The system-versioned tables feature might be the most adjacent one.

-- 
Peter Eisentraut              http://www.2ndQuadrant.com/
PostgreSQL Development, 24x7 Support, Remote DBA, Training & Services


Re: [HACKERS] generated columns

From
Michael Paquier
Date:
On Wed, Feb 27, 2019 at 08:05:02AM +0100, Peter Eisentraut wrote:
> There is something like that at the top of
> src/test/regress/sql/generated.sql.  I can expand that.

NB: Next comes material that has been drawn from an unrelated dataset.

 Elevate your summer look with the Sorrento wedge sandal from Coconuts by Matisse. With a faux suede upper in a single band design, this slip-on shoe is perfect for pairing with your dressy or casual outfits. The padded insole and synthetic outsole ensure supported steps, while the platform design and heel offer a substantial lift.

I think you mean identity.sql.  I would think that this would live
better with some other sanity checks.  I am fine with your final
decision on the matter.

> But it only covers the tests.  For run time checks, you'd want
> something like pg_catcheck.

Sure.
--
Michael

Attachment

Re: [HACKERS] generated columns

From
Peter Eisentraut
Date:
On 2019-01-15 08:13, Michael Paquier wrote:
> +/*
> + * Thin wrapper around libpq to obtain server version.
> + */
> +static int
> +libpqrcv_server_version(WalReceiverConn *conn)
> This should be introduced in separate patch in my opinion (needed
> afterwards for logirep).

I have committed this separately.

-- 
Peter Eisentraut              http://www.2ndQuadrant.com/
PostgreSQL Development, 24x7 Support, Remote DBA, Training & Services


Re: [HACKERS] generated columns

From
Peter Eisentraut
Date:
Here is an updated patch with just the "stored" functionality, as discussed.

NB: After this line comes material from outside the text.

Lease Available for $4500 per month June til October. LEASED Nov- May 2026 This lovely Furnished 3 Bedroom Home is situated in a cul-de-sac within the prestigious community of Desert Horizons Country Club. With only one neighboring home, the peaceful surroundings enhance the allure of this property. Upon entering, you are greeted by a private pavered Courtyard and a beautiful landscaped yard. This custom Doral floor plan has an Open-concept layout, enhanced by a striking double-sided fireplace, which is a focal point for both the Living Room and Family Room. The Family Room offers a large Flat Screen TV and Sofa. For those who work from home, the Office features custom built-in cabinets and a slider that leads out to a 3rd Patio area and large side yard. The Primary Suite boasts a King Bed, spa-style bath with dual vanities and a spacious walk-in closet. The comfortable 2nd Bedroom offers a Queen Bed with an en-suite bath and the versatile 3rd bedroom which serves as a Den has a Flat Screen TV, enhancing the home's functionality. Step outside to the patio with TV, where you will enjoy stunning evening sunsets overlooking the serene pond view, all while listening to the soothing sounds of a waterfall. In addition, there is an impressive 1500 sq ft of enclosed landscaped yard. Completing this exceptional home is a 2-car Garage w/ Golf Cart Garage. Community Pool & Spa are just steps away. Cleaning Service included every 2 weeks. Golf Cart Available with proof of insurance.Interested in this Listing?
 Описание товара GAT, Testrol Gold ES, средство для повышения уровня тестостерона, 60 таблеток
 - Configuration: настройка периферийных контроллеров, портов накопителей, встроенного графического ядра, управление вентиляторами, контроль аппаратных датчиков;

The actual functionality is much smaller now, contained in the executor.
 Everything else is mostly DDL support, trigger handling, and some
frontend stuff.

-- 
Peter Eisentraut              http://www.2ndQuadrant.com/
PostgreSQL Development, 24x7 Support, Remote DBA, Training & Services

Attachment

Re: [HACKERS] generated columns

From
Pavel Stehule
Date:
Hi

po 18. 3. 2019 v 8:35 odesílatel Peter Eisentraut <peter.eisentraut@2ndquadrant.com> napsal:
Here is an updated patch with just the "stored" functionality, as discussed.

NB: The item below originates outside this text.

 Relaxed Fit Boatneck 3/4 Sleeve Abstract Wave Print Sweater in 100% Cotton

The actual functionality is much smaller now, contained in the executor.
 Everything else is mostly DDL support, trigger handling, and some
frontend stuff.

probably I found a bug

create table foo(id int, name text);
insert into foo values(1, 'aaa');
alter table foo add column name_upper text generated always as (upper(name)) stored;
update foo set name = 'bbb' where id = 1; -- ok

alter table foo drop column name_upper;
update foo set name = 'bbbx' where id = 1; -- ok

alter table foo add column name_upper text generated always as (upper(name)) stored;
update foo set name = 'bbbxx' where id = 1; -- error

postgres=# update foo set name = 'bbbxx' where id = 1; -- error
ERROR:  no generation expression found for column number 3 of table "foo"

Regards

Pavel








--
Peter Eisentraut              http://www.2ndQuadrant.com/
PostgreSQL Development, 24x7 Support, Remote DBA, Training & Services

Re: [HACKERS] generated columns

From
Michael Paquier
Date:
On Mon, Mar 18, 2019 at 03:14:09PM +0100, Pavel Stehule wrote:
> postgres=# update foo set name = 'bbbxx' where id = 1; -- error
> ERROR:  no generation expression found for column number 3 of table
> "foo"

Yes I can see the problem after adding a generated column and dropping
it on an INSERT query.

I have read through the code once.

+       if (relid && attnum && get_attgenerated(relid, attnum))
Better to use OidIsValid here?

+       (walrcv_server_version(wrconn) >= 120000 ? "AND a.attgenerated = ''" : ""),
I think that it is better to always have version-related references
stored as defines.

+CREATE TABLE gtest22a (a int PRIMARY KEY, b int GENERATED ALWAYS AS (a * 2) STORED UNIQUE);
+CREATE TABLE gtest22b (a int, b int GENERATED ALWAYS AS (a * 2) STORED, PRIMARY KEY (a, b));
Some tests for unique constraints with a generated column should be in
place?

It would be nice to have extra tests for forbidden expression types
on generated columns especially SRF, subquery and aggregates/window
functions.
--
Michael

Attachment

Re: [HACKERS] generated columns

From
Peter Eisentraut
Date:
On 2019-03-20 03:51, Michael Paquier wrote:
> On Mon, Mar 18, 2019 at 03:14:09PM +0100, Pavel Stehule wrote:
>> postgres=# update foo set name = 'bbbxx' where id = 1; -- error
>> ERROR:  no generation expression found for column number 3 of table
>> "foo"
> 
> Yes I can see the problem after adding a generated column and dropping
> it on an INSERT query.

fixed

> +       if (relid && attnum && get_attgenerated(relid, attnum))
> Better to use OidIsValid here?

fixed

> +       (walrcv_server_version(wrconn) >= 120000 ? "AND a.attgenerated = ''" : ""),
> I think that it is better to always have version-related references
> stored as defines.

A valid idea, but I don't see it widely done (see psql, pg_dump).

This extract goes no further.